Berdasarkan pemaparan Gresi Plasmanto, salah satu tim riset Walhi Jambi yang turun melakukan investigasi ambisi EBT di Provinsi Jambi dua, 2 korporasi besar pengembangkan potensi EBT di Jambi macam PT HAN di Kabupaten Merangin dan anak usaha grup Asian Agri PT Inti Indosawit Subur (IIS) di Kabupaten Tanjungjabung Barat.
Terungkap sejumlah hal yang mengejutkan. Dari izin lokasi seluas 32.620 hektare, PT HAN diketahui mengalokasikan 2001 hektare untuk pengembangan tanaman sengon guna jadi bahan baku dalam bentuk biomassa sampai pada akhirnya dapat menghasilkan energi listrik.
“Nah, dalam mengolah biomasa ini yang dilakukan perusahaan yaitu dengan menebang kayu alam. Setelah itu land clearing, lalu menanam sengon. Inilah yang nantinya dijadikan sebagai bahan baku biomasa. Jadi pembangkit listrik selain menggunakan batu bara juga menggunakan capuran dari kayu,” kata Gresi Plasmanto, Kamis 7 Juli 2022.
Selanjutnya, Gresi menjelaskan, tim kami melihat dari sektor hulunya ya bagaimana, apa yang dilakukan perusahaan itu dalam penyediaan bahan baku biomassa. Terutama kita memotret dari data ekologi sosialnya. Sampai ke hikirnya, karena berbicara energi terbarukan, hilirnya tentu harus dipastikan bersih.
“Jangan sampai perusahaan yang mengembangkan energi terbarukan seperti ini malah merusak lingkungan gitu,” ujar Gresi.
Bukan tanpa sebab, kata Gresi, hasil temuan yang dilakukan oleh tim riset Walhi ternyata PT HAN hanya menebang kayu alam. Ini bisa lihat, lewat anasisis geospasial. Menurut dia, areal PT HAN kini telah mengalami ketimpangan tutupan pepohonan yang sudah sangat mengerikan.

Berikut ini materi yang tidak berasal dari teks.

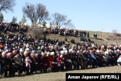 Ten yurts -- traditional Kyrgyz tents -- were erected in front of the building and ribbons with the names of the victims were tied to trees. Participants of the gathering – led by President Roza Otunbaeva -- then marched toward Ala-Too Square.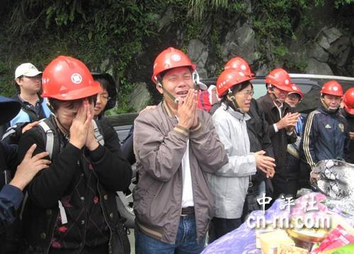 近30位失蹤陸客的家屬昨天前往蘇花公路112.8公里處,工作人員在現(xiàn)場(chǎng)準(zhǔn)備了鮮花、水果、家屬們雙手合十,手里拿著香邊哭邊跪,灑冥紙、獻(xiàn)花,朝遠(yuǎn)方祈福。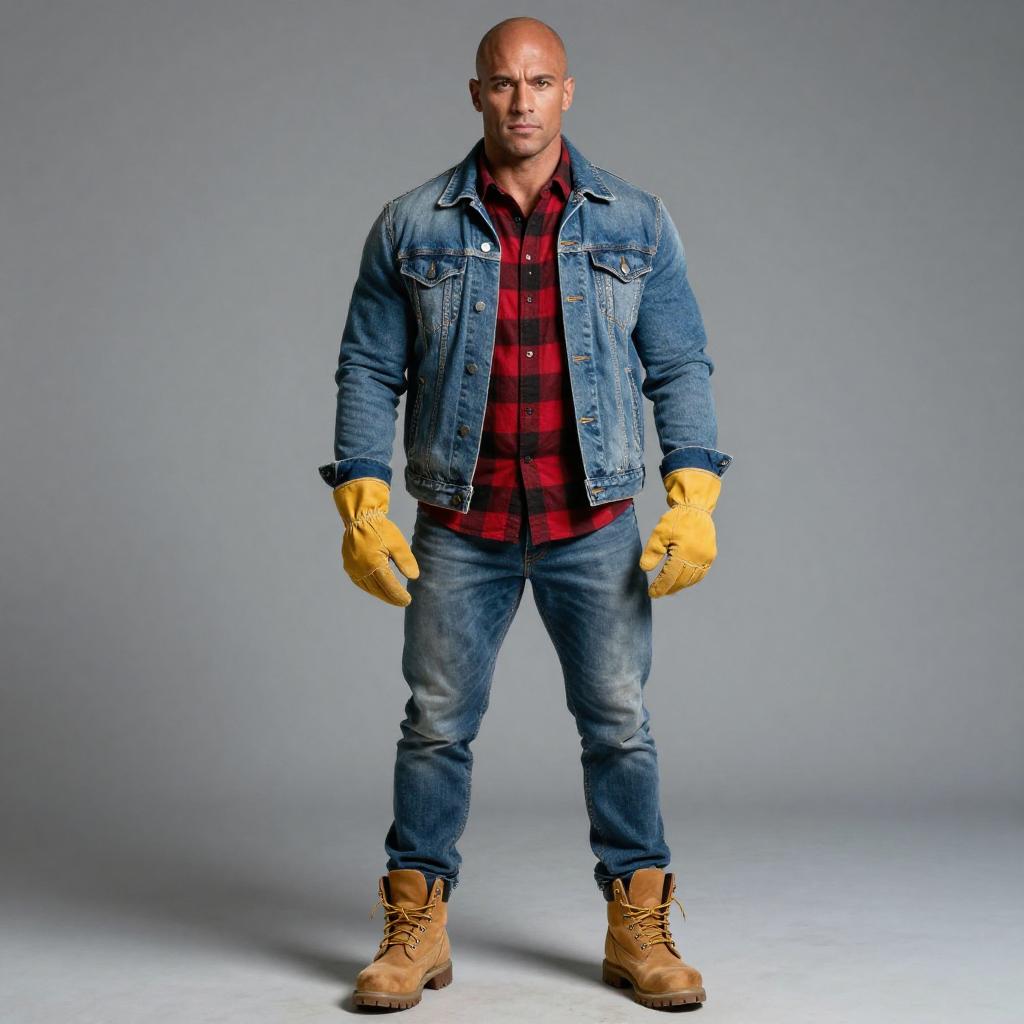 Photograph of a bald, muscular man standing confidently against a gray background. He's wearing a blue denim jacket over a red and black plaid shirt, blue jeans, and tan work boots. Bright yellow work gloves add a pop of color. His serious expression and strong stance suggest he's ready for manual work. The lighting is even, highlighting his outfit and physique.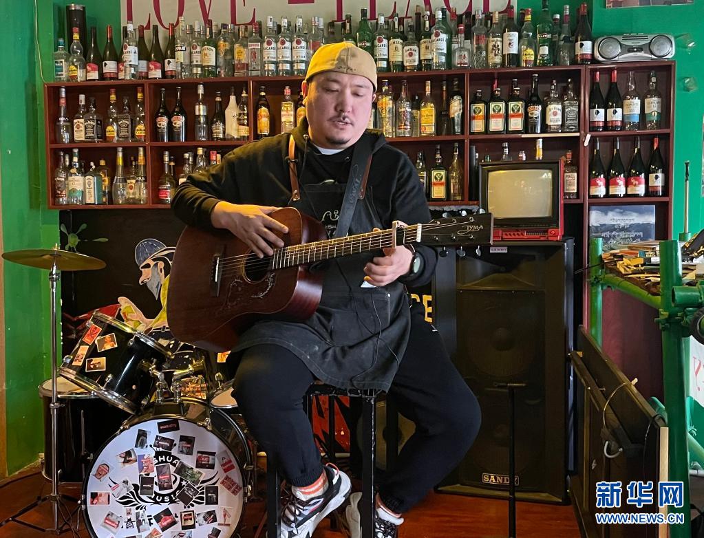 才仁俄賽在餐廳創(chuàng)作音樂(4月12日攝,手機(jī)照片)。新華社記者 劉江 攝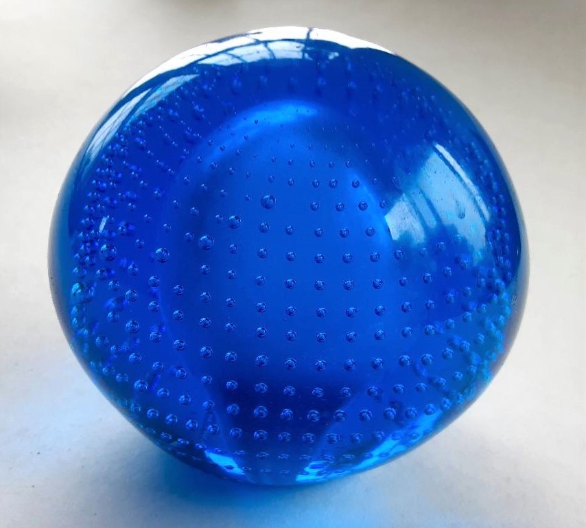 Beautiful Cobalt Blue Art Glass Concentric Circle Controlled Bubble Paperweight
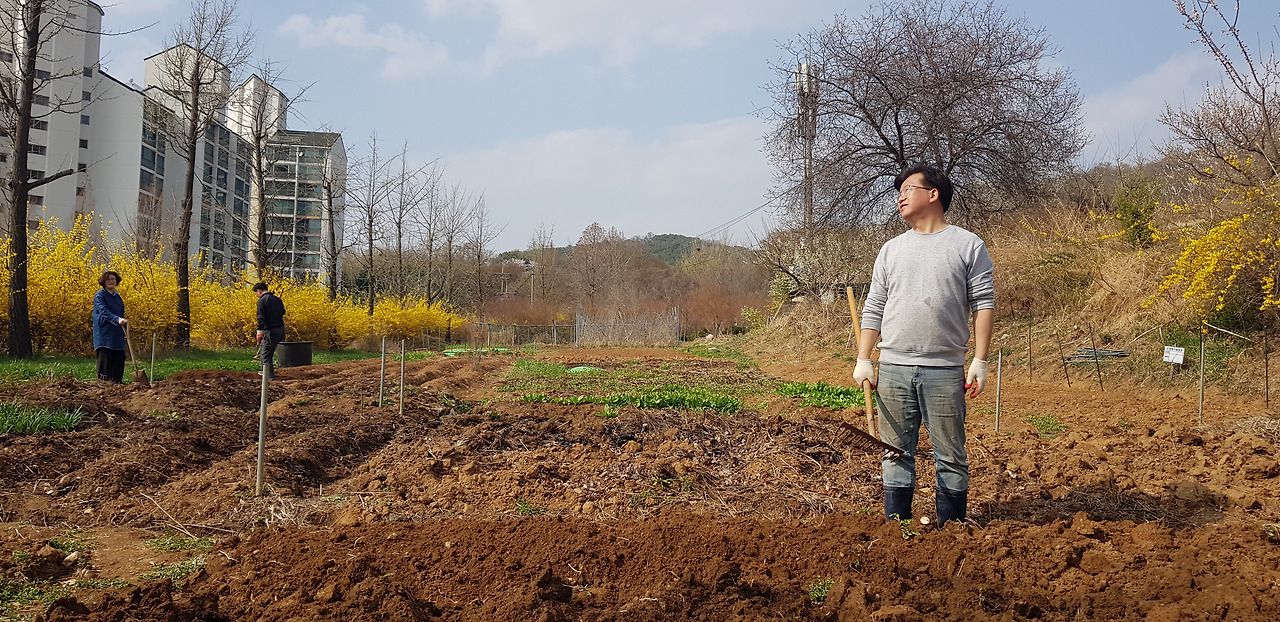씨앗 심기 전에 삽질하고 있습니다. 멋있게 찍어달라 부탁했더니 쓸만한 사진이 없어 옆모습 사진 골랐습니다.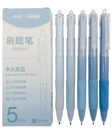 Ручки гелевые набор- 5 шт. DG-113 "Голубые" автоматические, черн 0,5мм, круглый корпус с грипом, цв ассорти, к/к MGP1076 (1/320)
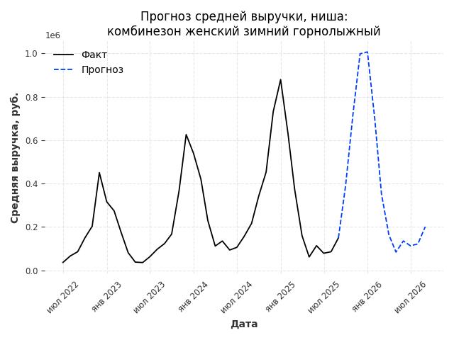 - Прогноз средней выручки в нише на следующие 12 месяцев: 218077 руб./месяц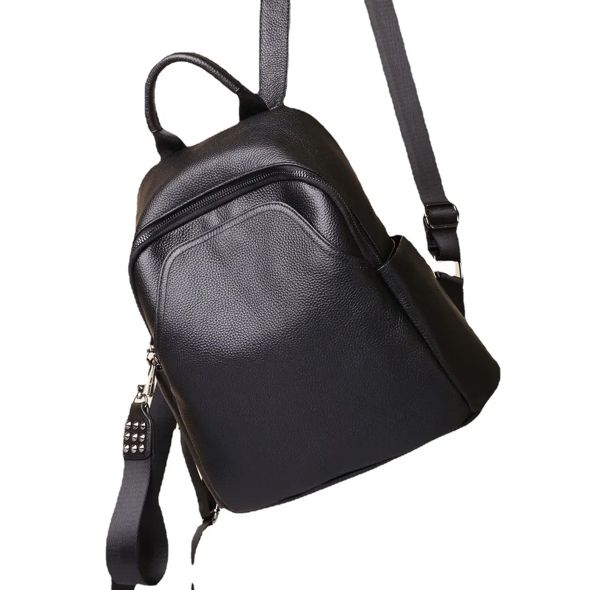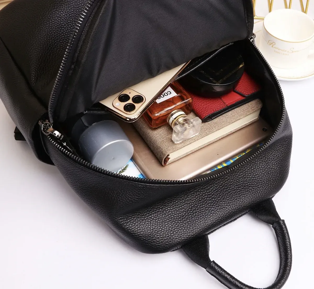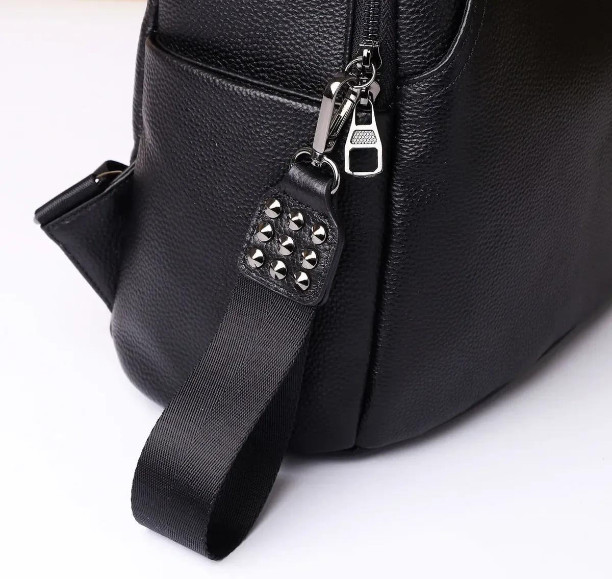 Стильний аксесуар для дівчат і жінок, необхідний для повсякденного життя, яка стає динамічнішою, активнішою та швидкіснішою. У такий практичний і функціональний рюкзак дасть змогу розмістити багато різноманітних речей. Виготовлений із натуральної шкіри, у практичному чорному кольорі, який буде доречний у будь-якій колірній гамі гардероба. Вміщує документи формату А5.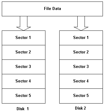 Mirroring means that each disk drive has a twin. Anything written to one drive is also written to the second drive simultaneously. Mirroring is 100 duplication of your drives. If one drive fails, its twin can replace it without loss of data.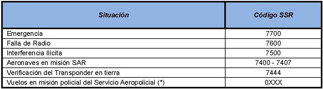 - En caso de que una aeronave se encuentre en una situación de emergencia, el piloto utilizará el código 7700; si está siendo objeto de interferencia ilícita activará su respondedor en el Código 7500, sin embargo, si el piloto ha recibido instrucciones previas del control tránsito aéreo para mantener un código específico, el piloto mantendrá el código asignado.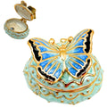 Metalinė drugelio formos papuošalų dėžutė su kristalais, emaliuota
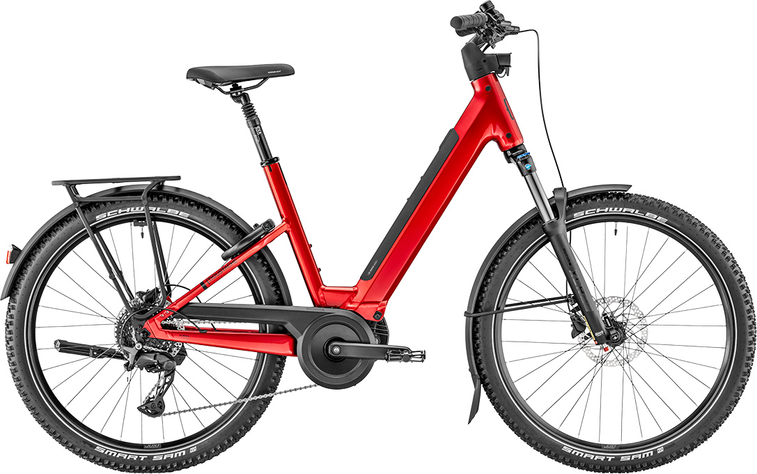 MOUSTACHE Samedi 27 Xroad 4 OPEN 600 je spolehlivé a všestranné trekingové elektrokolo vybavené nejnovějším motorem Bosch Performance Line PX 5. generace, který poskytuje točivý moment až 90 Nm a hladký, přirozený projev při šlapání. Baterie s kapacitou 600 Wh nabízí dostatek energie pro každodenní jízdy i delší výlety. Otevřený rám usnadňuje nasedání a hodí se pro široké spektrum jezdců. Komfort zajišťuje odpružená vidlice SR Suntour se zdvihem 120 mm a odpružená sedlovka. Díky výbavě jako jsou blatníky, zadní nosič kompatibilní s MIK HD, zámek AXA a připravenost pro Moustache Protect Option se kolo skvěle hodí do města i mimo něj.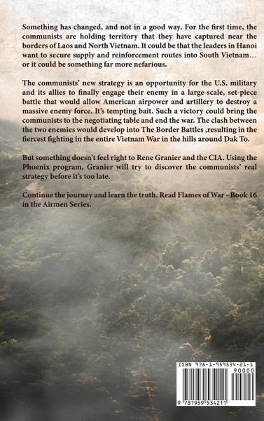 Something has changed, and not in a good way. For the first time, the communists are holding territory that they have captured near the borders of Laos and North Vietnam. It could be that the leaders in Hanoi want to secure supply and reinforcement routes into South Vietnam... or it could be something far more nefarious. The communists' new strategy is an opportunity for the U.S. military and its allies to finally engage their enemy in a large-scale, set-piece battle that would allow American airpower and artillery to destroy a massive enemy force. It's tempting bait. Such a victory could bring the communists to the negotiating table and end the war. The clash between the two enemies would develop into The Border Battles, resulting in the fiercest fighting in the entire Vietnam War in the hills around Dak To. But something doesn't feel right to Rene Granier and the CIA. Using the Phoenix program, Granier will try to discover the communists' real strategy before it's too late. Continue the journey and learn the truth. Read Flames of War - Book 16 in the Airmen Series.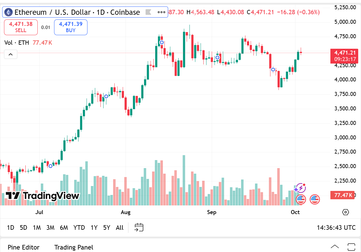 以太坊当前价格为4,471.38美元,单日涨幅2.23%,其5,417.8亿美元市值和471.1亿美元交易量(增长9.27%)反映出市场情绪。这种新动能源于投资者对Layer 2解决方案、跨链DeFi以及实用型加密资产的兴趣,他们正密切关注2025年最具潜力的加密预售机会。
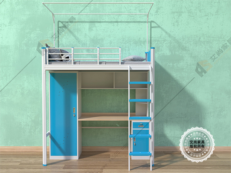 產品介紹: 單體側梯公寓單人床,常規尺寸1980長*900寬*2100高mm(尺寸可根據客戶要求定制),本產品顏色使用藍色、米白色(顏色可按照客戶喜好定制),原材料使用1.2mm冷軋鋼板,產品采用紙箱包裝防止運輸途中磨損,產品適用范圍企業、單位、工廠1-4人間宿舍均可適用。 本產品廠家質保十年!

“Kalau temuan kita di lapangan, perusahaan ini memang sudah mengalami deforestasi semenjak beberapa tahun lalu. Hutan tadi yang dulunya sebagai tempat penyimpanan air, diganti jadi untuk lahan produksi sengon,” katanya.
Gaya PT HAN yang dinilai hanya fokus pada pembukaan kawasan hutan juga telah jadi sorotan Dishut karena realisasi penanaman sengon yang minim, dari alokasi lahan seluas 20.001 hektare tadi diperoleh informasi lahan produktifnya hanya berkisar 100 hektare.
Soal realisasi yang masih kecil ini, Gresi mengungkap jika Dinas Kehutanan Provinsi Jambi sebenarnya sudah ada hasil audit. Bahwasanya Dishut menyatakan, jika di lokasi konsesi PT HAN melakukan penanaman tidak sesuai target.
“Dan untuk pembibitan sengon, sendiri belum banyak ditanam. Karena banyak pegawai yang dirumahkan,” ujar Gresi.
Akibat sejumlah persoalan tersebut, tim riset Walhi itu menilai proyek Energi Baru Terbarukan di Jambi masih jauh panggang dari api. Realisasinya masih sedikit, sementara dampaknya bagi desa-desa sekitar sudah teramat banyak. Kehadiran perusahaan disebut tidak memberikan kontribusi positif terhadap masyarakat desa sekitar.
Tak berhenti disitu, tim riset Walhi juga menyoroti kondisi proyek EBT anak usaha Grup Asian Agri yani PT Inti Indosawit Subur (IIS) di Merlung, Kabupaten Tanjungjabung Barat juga tengah menjalankan proyek biomassa dengan kapasitas 2,2 Megawatt.
Daya yang bersumber dari olahan Biomassa tersebut konon dipergunakan untuk melistriki pabrik dan beberapa rumah di sekitar perusahaan.
Namun, hal tersebut harus dibayar mahal dengan bencana banjir yang kerab melanda masyarakat desa Tanjung Paku itu. Sebab ekosistem rawa di sekitar desa kini telah disulap menjadi kebun sawit oleh PT IIS.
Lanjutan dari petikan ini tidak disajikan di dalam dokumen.